"""
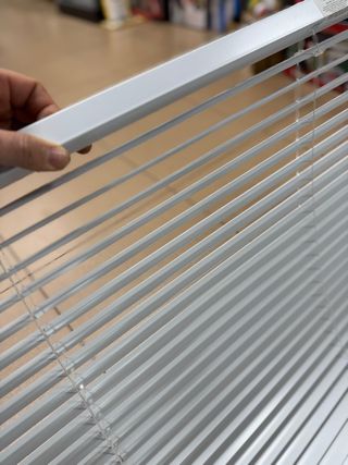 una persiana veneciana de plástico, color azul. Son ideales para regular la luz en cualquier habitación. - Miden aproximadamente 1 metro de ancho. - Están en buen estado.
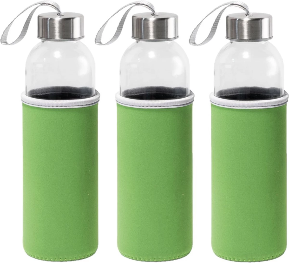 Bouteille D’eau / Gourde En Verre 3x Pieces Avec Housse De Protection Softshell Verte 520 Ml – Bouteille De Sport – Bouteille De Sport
"""
"""
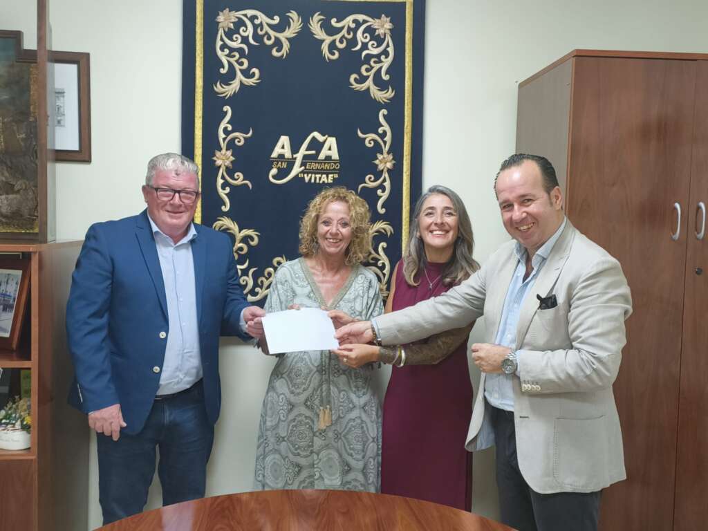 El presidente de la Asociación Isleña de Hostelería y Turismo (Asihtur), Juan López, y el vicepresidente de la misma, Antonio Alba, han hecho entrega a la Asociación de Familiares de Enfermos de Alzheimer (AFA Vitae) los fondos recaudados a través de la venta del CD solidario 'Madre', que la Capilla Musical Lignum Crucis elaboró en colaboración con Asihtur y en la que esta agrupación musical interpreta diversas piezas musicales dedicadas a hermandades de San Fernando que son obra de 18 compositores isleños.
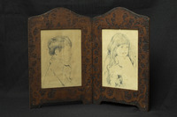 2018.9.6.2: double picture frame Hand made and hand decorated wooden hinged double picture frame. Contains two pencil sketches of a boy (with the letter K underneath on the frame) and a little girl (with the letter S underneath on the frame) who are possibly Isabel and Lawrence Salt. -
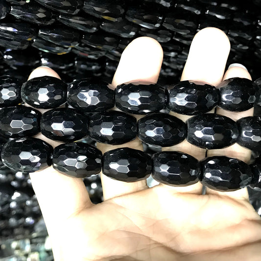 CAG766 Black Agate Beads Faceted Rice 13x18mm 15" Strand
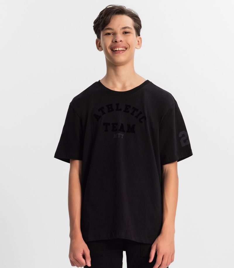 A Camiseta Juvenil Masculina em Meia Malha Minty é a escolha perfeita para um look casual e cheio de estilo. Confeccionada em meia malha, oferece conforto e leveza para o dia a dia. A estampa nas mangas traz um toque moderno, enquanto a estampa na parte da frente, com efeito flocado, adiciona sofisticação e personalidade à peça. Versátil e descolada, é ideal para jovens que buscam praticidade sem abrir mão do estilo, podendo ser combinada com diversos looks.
"""
__EXERCISE PROMPT__
Skipping the pictures, print the lines in the listing above exactly as written, starting at the line with "2018.9.6.2: double picture" and ending at the line with "CAG766 Black Agate", both included.

__COMPLETED TASK__
 2018.9.6.2: double picture frame Hand made and hand decorated wooden hinged double picture frame. Contains two pencil sketches of a boy (with the letter K underneath on the frame) and a little girl (with the letter S underneath on the frame) who are possibly Isabel and Lawrence Salt. -
 CAG766 Black Agate Beads Faceted Rice 13x18mm 15" Strand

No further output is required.